• _Collected data entries_
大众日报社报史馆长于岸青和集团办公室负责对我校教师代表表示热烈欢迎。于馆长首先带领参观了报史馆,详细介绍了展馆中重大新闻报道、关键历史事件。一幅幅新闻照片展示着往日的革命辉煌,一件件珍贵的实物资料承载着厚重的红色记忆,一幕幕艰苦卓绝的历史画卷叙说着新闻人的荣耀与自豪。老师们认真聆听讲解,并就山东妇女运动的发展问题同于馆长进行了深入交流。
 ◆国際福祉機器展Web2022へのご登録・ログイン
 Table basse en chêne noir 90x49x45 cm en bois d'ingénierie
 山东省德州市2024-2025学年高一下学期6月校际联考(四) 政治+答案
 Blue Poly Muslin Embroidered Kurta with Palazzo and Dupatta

---

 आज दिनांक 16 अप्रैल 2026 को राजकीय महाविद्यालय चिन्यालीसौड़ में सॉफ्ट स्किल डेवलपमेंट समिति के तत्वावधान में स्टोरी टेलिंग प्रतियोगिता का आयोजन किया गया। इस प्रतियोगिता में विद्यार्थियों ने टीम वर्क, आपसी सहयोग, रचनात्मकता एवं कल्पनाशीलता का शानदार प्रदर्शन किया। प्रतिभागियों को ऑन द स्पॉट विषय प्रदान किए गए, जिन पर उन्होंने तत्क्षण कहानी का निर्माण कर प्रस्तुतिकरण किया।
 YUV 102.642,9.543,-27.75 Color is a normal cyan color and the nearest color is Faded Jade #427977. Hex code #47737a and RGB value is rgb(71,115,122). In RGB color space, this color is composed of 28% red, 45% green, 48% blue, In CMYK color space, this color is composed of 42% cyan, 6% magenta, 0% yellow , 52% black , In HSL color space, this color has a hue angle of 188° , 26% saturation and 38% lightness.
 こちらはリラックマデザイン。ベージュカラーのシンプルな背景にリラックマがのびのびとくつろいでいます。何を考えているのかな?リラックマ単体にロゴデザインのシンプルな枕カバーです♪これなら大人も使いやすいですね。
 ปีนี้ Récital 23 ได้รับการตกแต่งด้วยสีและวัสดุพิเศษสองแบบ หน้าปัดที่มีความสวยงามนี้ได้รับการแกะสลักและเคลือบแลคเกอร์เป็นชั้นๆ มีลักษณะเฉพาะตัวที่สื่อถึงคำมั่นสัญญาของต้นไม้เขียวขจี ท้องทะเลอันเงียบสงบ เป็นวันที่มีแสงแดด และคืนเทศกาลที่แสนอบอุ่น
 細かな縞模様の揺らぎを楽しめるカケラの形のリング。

• _WHAT TO WORK ON_
Give the exact lines, and only those, from the line containing "大众日报社报史馆长于岸青和集" through the line containing "Blue Poly Muslin" in the entries above.

• _RESPONSE TO THE EXERCISE_
大众日报社报史馆长于岸青和集团办公室负责对我校教师代表表示热烈欢迎。于馆长首先带领参观了报史馆,详细介绍了展馆中重大新闻报道、关键历史事件。一幅幅新闻照片展示着往日的革命辉煌,一件件珍贵的实物资料承载着厚重的红色记忆,一幕幕艰苦卓绝的历史画卷叙说着新闻人的荣耀与自豪。老师们认真聆听讲解,并就山东妇女运动的发展问题同于馆长进行了深入交流。
 ◆国際福祉機器展Web2022へのご登録・ログイン
 Table basse en chêne noir 90x49x45 cm en bois d'ingénierie
 山东省德州市2024-2025学年高一下学期6月校际联考(四) 政治+答案
 Blue Poly Muslin Embroidered Kurta with Palazzo and Dupatta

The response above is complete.